Yesterday marked what would have been the 43th wedding anniversary of Jackie O and Aristotle Onassis. Jacqueline Kennedy stunned so many by marrying Onassis, who was the opposite of her first husband in appearance, age and approach to many aspects of life. He was mercurial, could be crude, and was old fashioned about many things, especially his treatment of women. He flaunted his affair with Maria Callas, before and after he married Jackie.
Indeed, Onassis was an incongruous mate for America’s queen: 29 years older than Jackie, two inches shorter at just five-foot-five, fatter, rougher than the horsy-artsy-intellectual crowd with which she was imbedded. He was a divorcee and world-class womanizer. She was the good Catholic who had learned to turn the other cheek in her first marriage. He loved bouzouki music and smashed pottery in Greek tavernas, once running up a bill as high as $1,000 for all the dishware that he threw one night.

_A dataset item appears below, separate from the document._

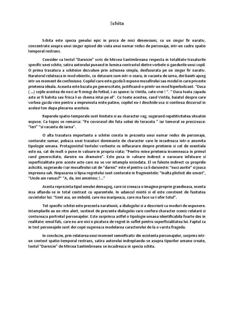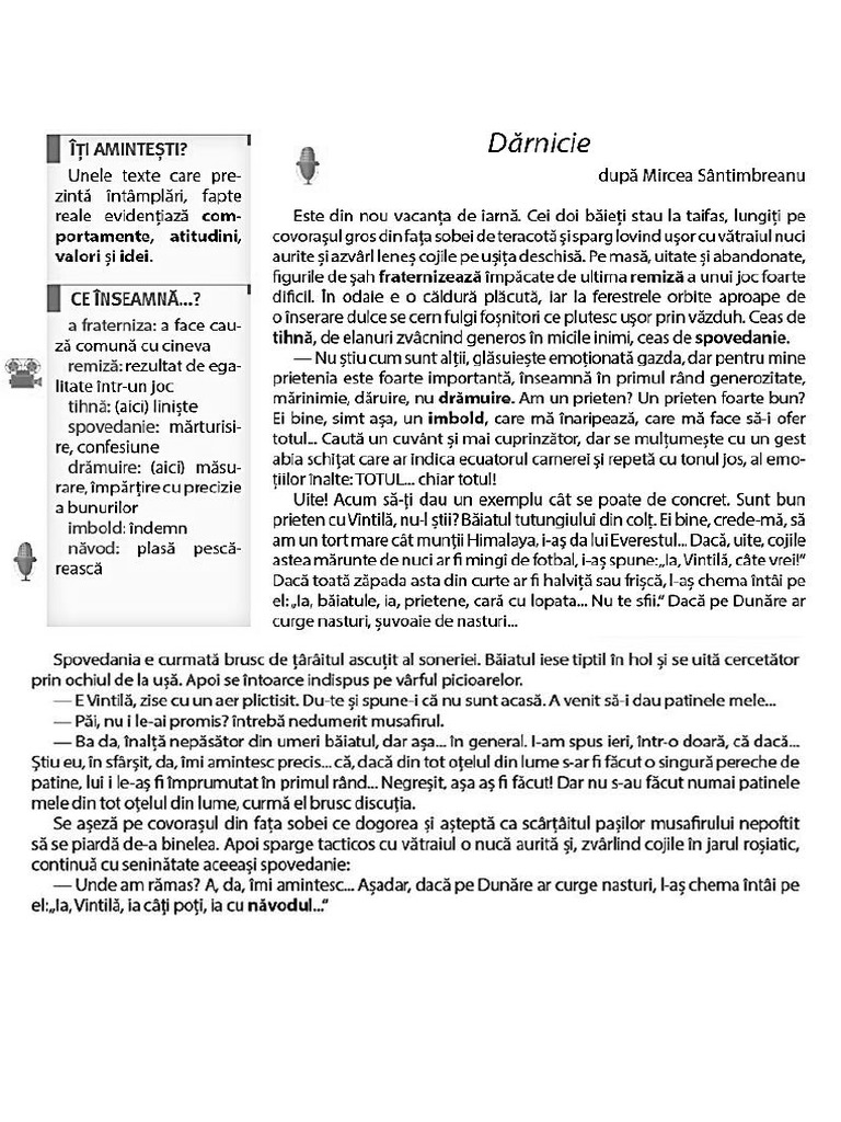 Dărnicie de mircea sântimbreanu comentariu literar rezumat literar literatură dărnicie de mircea sântimbreanu este o schiţă care face parte din volumul recreaţia mare a cărui primă ediţie a fost publicată în 1965 la bucureşti. Darnicie vacanta de iarna. Era de fapt primul punct marcat. Pe masă abandonate figurile de șah fraternizează împăcate de ultima remiză a unui joc foarte dificil.

She loved the theater. He didn’t. He was a night person, typically waking when she was eating lunch. Onassis often wore a dark suit and tie, even in the summer. Jackie, by contrast, was always impeccably dressed according to season and occasion, and a regular at Valentino – who had made the off-white knee-length skirt and lace-covered sweater she wore for the Greek wedding.
Whatever reasons she may have had for marrying Onassis – love, money, security – even her admirers were perplexed by her choice.
When her friend Truman Capote asked her why, she said, “I can’t very well marry a dentist from New Jersey!”
Other friends told her she was going to fall off her pedestal if she married Onassis.
“That’s better than freezing there,” she scoffed.